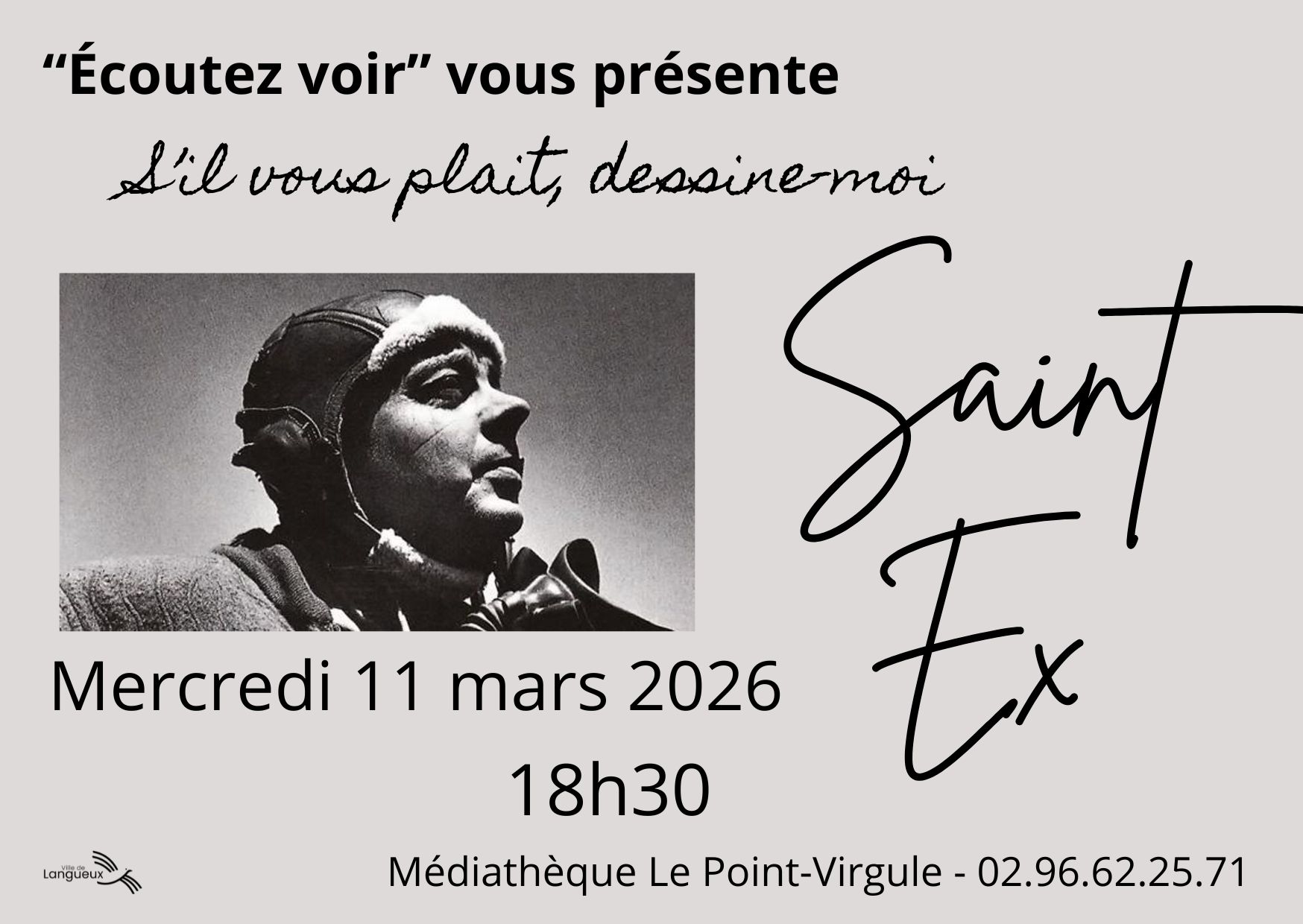"Écoutez-voir" propose un portrait d'Antoine de St Exupéry à travers ses mutliples facettes . De son enfance à son dernier vol : l'aviateur, l'écrivain, le reporter, l'amoureux... Des textes lus à plusieurs voix et mis en espace.
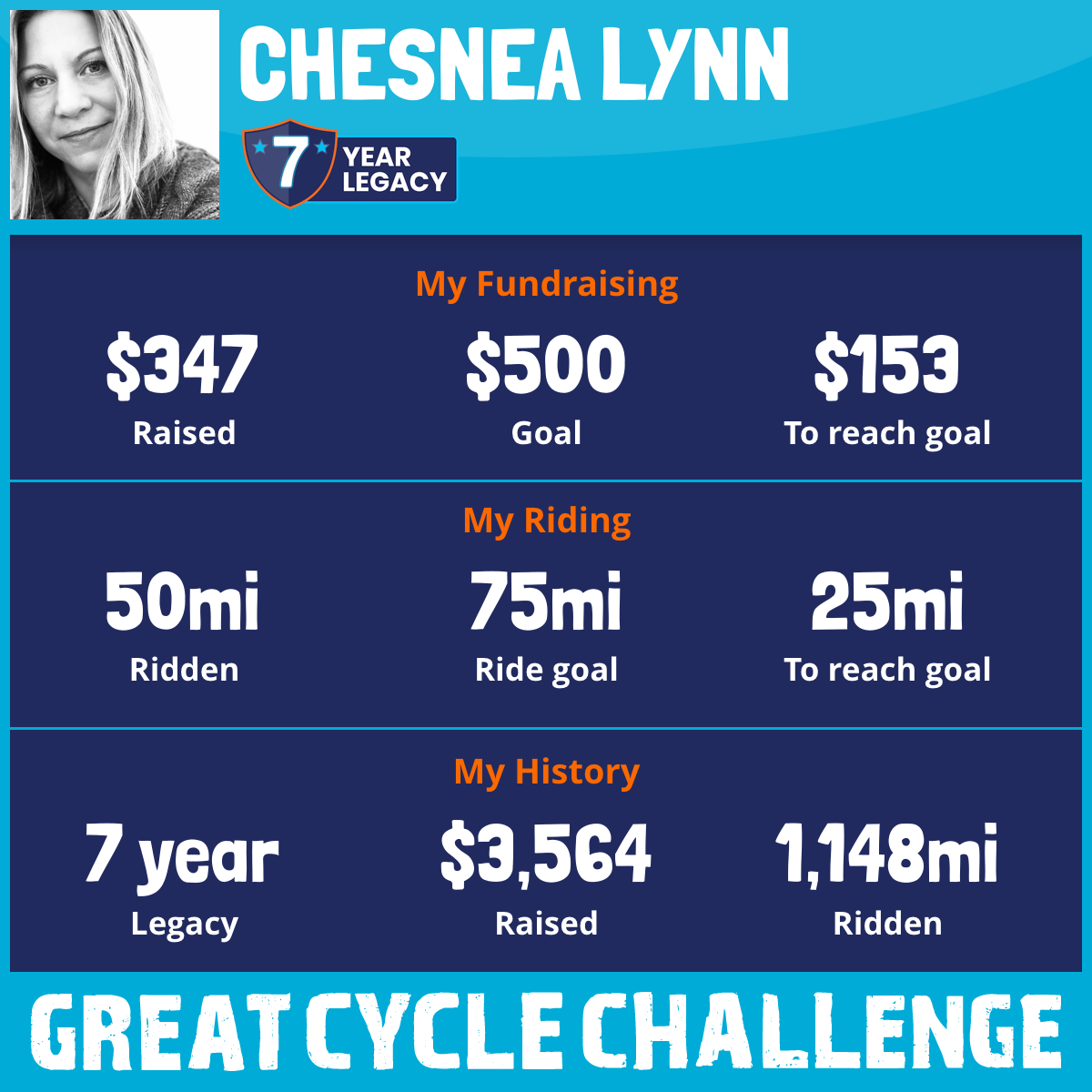 So I am raising funds through my challenge to help these kids and support Children's Cancer Research Fund to allow them to continue their work to develop lifesaving treatments and find a cure for childhood cancer.
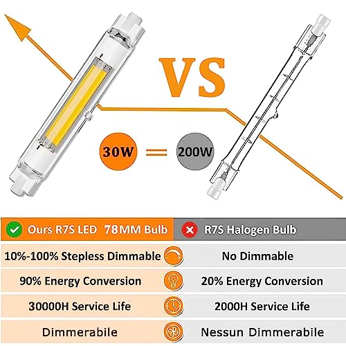 【R7S LED Risparmio Energetico 90% Percento di Energia】Lampadina led r7s 118mm 30w da equivalente la lampadine alogena r7s j118 da 150w 300w, risparmia fino al 90 percento di energia. Goditi il risparmio energetico dei r7s led senza sacrificare la qualità della luce. Bassa frequenza di sostituzione lampadina. Nessun piombo o mercurio, nessuna radiazione uv o ir.
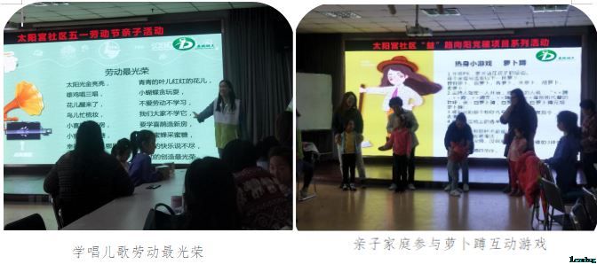 亲子活动人心暖,交流互动情意浓。小朋友和家长互动游戏“萝卜蹲”,活跃了现场气氛;劳动最光荣和五一劳动节知识科普的环节各个家庭也各显神通,有会唱的小朋友参与了合唱,有小学霸参与了劳动节知识问答。孩子们在与家长的共同努力下,出色的完成了一个个有趣的互动活动,家长们也充分体验到了亲子活动所带来的温馨与快乐。
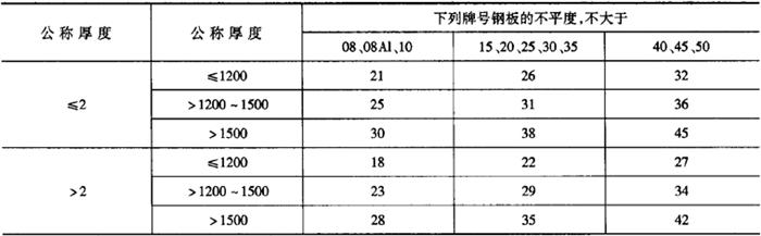2.尺寸、外形及允许偏差 钢板的不平度应符合表5-60的规定,其他尺寸、外形及允许偏差应符合GB/T709的规定,45、50牌号的钢板和钢带厚度允许偏差可增加10%。 表5-60 钢板的不平度mm

- _The problem_: Each line from the top of the material through the line containing "So I am raising" should be reproduced exactly; please drop any images.

- _Written reply_:
"Écoutez-voir" propose un portrait d'Antoine de St Exupéry à travers ses mutliples facettes . De son enfance à son dernier vol : l'aviateur, l'écrivain, le reporter, l'amoureux... Des textes lus à plusieurs voix et mis en espace.
 So I am raising funds through my challenge to help these kids and support Children's Cancer Research Fund to allow them to continue their work to develop lifesaving treatments and find a cure for childhood cancer.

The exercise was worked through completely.